Joder, si es que todo parece mentira de lo irreal que es.
Yo de momento, veo una posible salida a mi existencia postulándome como próximo papa ahora que ha quedado vacante el puesto. A ver si es verdad.

miércoles, 6 de febrero de 2013

Mi abuelo menguante



Mi abuelo esperaba todos los años la llegada de la primavera con verdadero entusiasmo. No era algo nuevo, aparecido con la edad, sino que le había pasado siempre, desde que era niño. O al menos eso era lo que me contaba a mí, que siempre le había gustado muchísimo la primavera.
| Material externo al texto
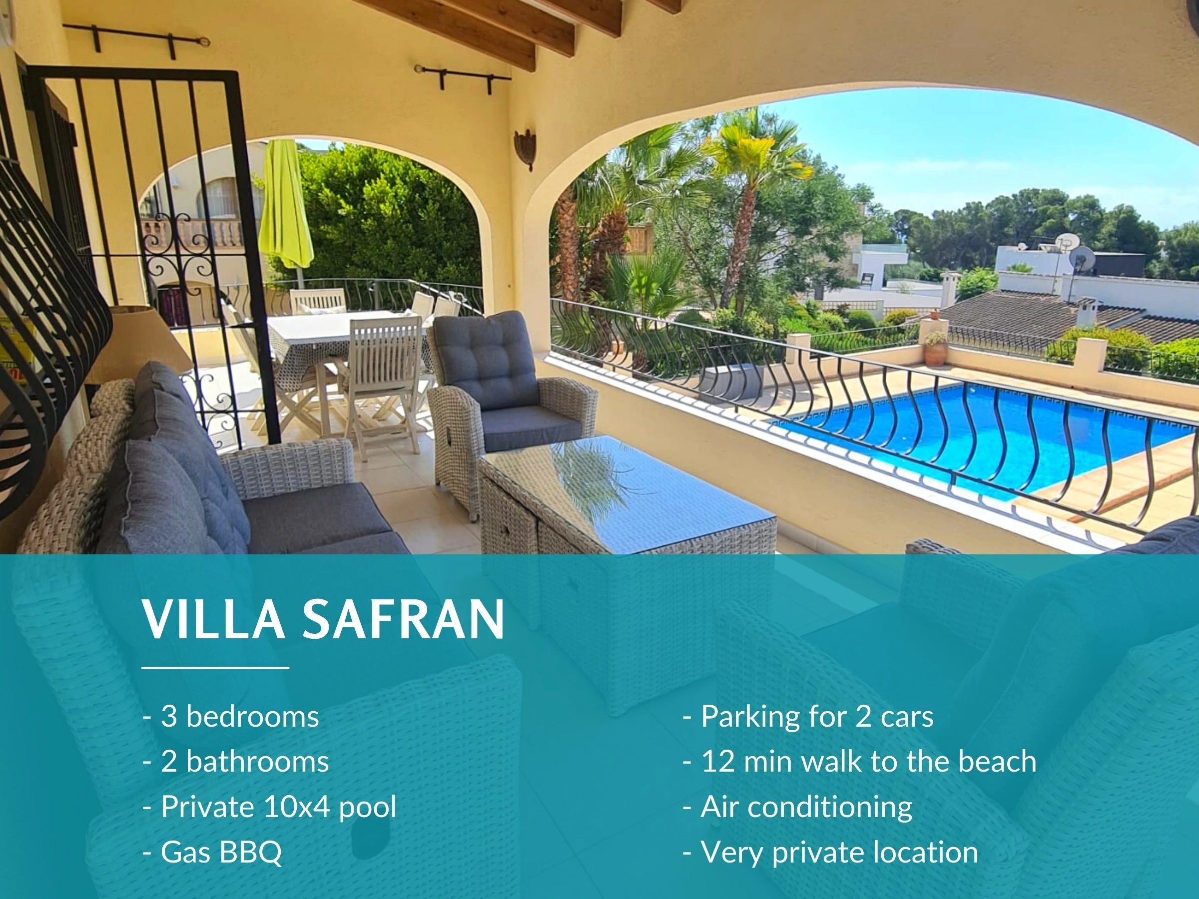Al salir, descubrirá una piscina privada y una zona de relax, donde podrá disfrutar del sol, darse un refrescante baño o simplemente relajarse con un buen libro. La zona de barbacoa y comedor al aire libre ofrece el entorno perfecto para cenar al fresco, permitiéndole disfrutar del cálido clima mediterráneo y el hermoso entorno mientras se deleita con una deliciosa comida. La villa también cuenta con estacionamiento privado, lo que garantiza un lugar seguro y protegido para estacionar su automóvil durante su estadía.

Quizá por eso lo sintió tanto cuando un año ocurrió algo insólito: no hubo primavera. No es que se alargara el invierno, o entrara antes el verano, no; sencillamente ese año tuvo sólo nueve meses y justo los tres que faltaron eran los correspondientes a la primavera. Mi abuelo, como os podéis imaginar, se llevó un disgustazo enorme, pero qué iba a hacer el hombre. Lo curioso del fenómeno es que así volvió a suceder al siguiente año y al siguiente, de modo que a partir de entonces los años se sucedían sin primavera. Años de nueve meses, justo lo que dura la gestación del siguiente.
Mi abuelo, que era una persona muy adaptativa con un gran sentido práctico, empezó entonces a disfrutar con mayor entusiasmo del verano, y cuando ya estaba prácticamente acostumbrado a tener sólo tres estaciones, de repente llegó un momento en que tampoco hubo verano. Pasó lo mismo que cuando desapareció la primavera, no quedó ni rastro. Sólo seis meses  y hala, ya estaban celebrando la llegada del siguiente año, que como era de prever, también pasó directamente del invierno al otoño. Y pasaron muchos años que eran medios años cuando finalmente sucedió algo que ya estaba esperando mi abuelo: años de tres meses. Sólo invierno. Hasta que llegó un día, bastante frío, claro, en que también desapareció el invierno, con lo que a mi abuelo no le quedó otra salida que morirse.
Y así vive desde entonces, completamente muerto, pasando años que no existen.